[SOURCE DATA]
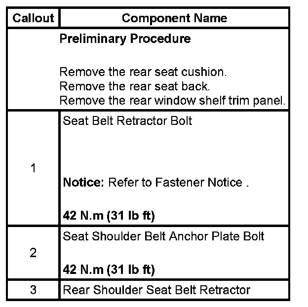 Seat Belt Retractor Replacement - Center Rear (Impala without AM9)
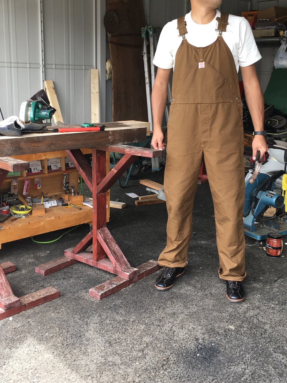 ガレージ内で作業をする作業者。 オーバーオールは圧迫無くて楽ちんです。 #ヘッドライト #トーヨーエンタープライズ #シュガーケーン #オーバーオール #テイラースティッチ
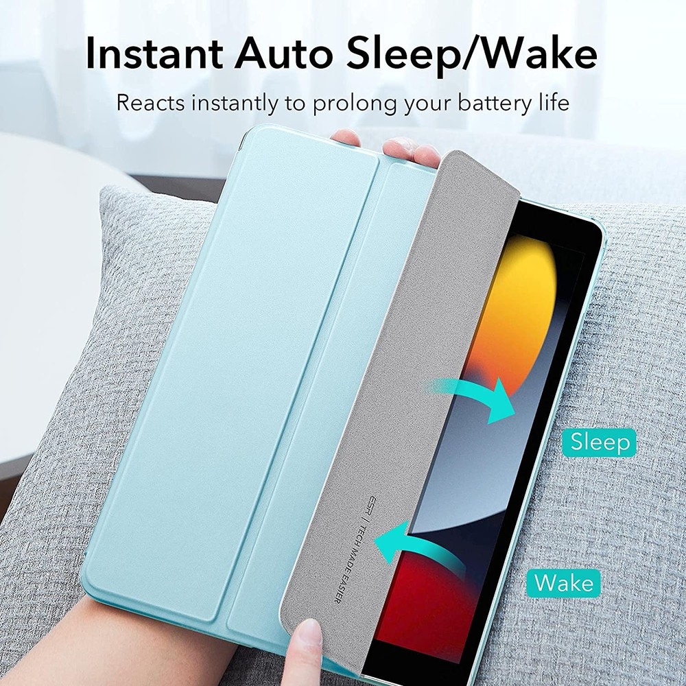 ESR Ascend Trifold Case - полиуретанов калъф с поставка за iPad 9 (2021), iPad 8 (2020), iPad 7 (2019) (светлосин)

[TASK DESCRIPTION]
Please repeat the data verbatim and leave the pictures out of your copy.

[COMPLETED EXERCISE]
 Seat Belt Retractor Replacement - Center Rear (Impala without AM9)
 ガレージ内で作業をする作業者。 オーバーオールは圧迫無くて楽ちんです。 #ヘッドライト #トーヨーエンタープライズ #シュガーケーン #オーバーオール #テイラースティッチ
 ESR Ascend Trifold Case - полиуретанов калъф с поставка за iPad 9 (2021), iPad 8 (2020), iPad 7 (2019) (светлосин)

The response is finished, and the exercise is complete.